Provided material ->
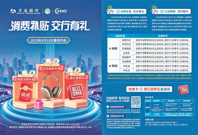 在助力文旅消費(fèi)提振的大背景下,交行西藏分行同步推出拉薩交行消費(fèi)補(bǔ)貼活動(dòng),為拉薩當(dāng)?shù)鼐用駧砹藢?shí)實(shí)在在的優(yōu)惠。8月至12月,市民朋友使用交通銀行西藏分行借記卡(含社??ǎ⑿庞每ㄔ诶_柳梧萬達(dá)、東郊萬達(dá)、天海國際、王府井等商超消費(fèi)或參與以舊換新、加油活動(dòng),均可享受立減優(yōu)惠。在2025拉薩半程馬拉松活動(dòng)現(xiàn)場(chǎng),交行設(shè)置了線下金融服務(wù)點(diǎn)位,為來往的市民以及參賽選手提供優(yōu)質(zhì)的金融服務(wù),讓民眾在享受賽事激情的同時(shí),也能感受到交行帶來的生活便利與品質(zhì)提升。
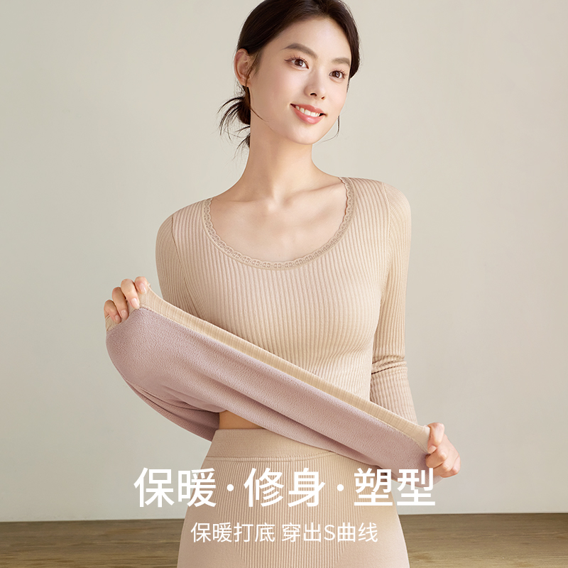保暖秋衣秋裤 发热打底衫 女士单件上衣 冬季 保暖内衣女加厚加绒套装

* * *

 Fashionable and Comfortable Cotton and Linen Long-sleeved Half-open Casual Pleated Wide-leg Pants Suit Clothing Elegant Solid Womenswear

...

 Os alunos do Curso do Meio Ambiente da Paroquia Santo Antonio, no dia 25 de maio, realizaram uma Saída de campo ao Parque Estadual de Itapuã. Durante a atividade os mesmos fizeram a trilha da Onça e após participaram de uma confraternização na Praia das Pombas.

Try it ->
Could you output exactly the lines above, from the line with "在助力文旅消費(fèi)提振" up to and including the line with "保暖秋衣秋裤 发热打底衫 女士单件上衣 冬季 保暖内衣女加厚加绒套装", and nothing else, skipping the pictures?

Reply to the task ->
 在助力文旅消費(fèi)提振的大背景下,交行西藏分行同步推出拉薩交行消費(fèi)補(bǔ)貼活動(dòng),為拉薩當(dāng)?shù)鼐用駧砹藢?shí)實(shí)在在的優(yōu)惠。8月至12月,市民朋友使用交通銀行西藏分行借記卡(含社??ǎ⑿庞每ㄔ诶_柳梧萬達(dá)、東郊萬達(dá)、天海國際、王府井等商超消費(fèi)或參與以舊換新、加油活動(dòng),均可享受立減優(yōu)惠。在2025拉薩半程馬拉松活動(dòng)現(xiàn)場(chǎng),交行設(shè)置了線下金融服務(wù)點(diǎn)位,為來往的市民以及參賽選手提供優(yōu)質(zhì)的金融服務(wù),讓民眾在享受賽事激情的同時(shí),也能感受到交行帶來的生活便利與品質(zhì)提升。
保暖秋衣秋裤 发热打底衫 女士单件上衣 冬季 保暖内衣女加厚加绒套装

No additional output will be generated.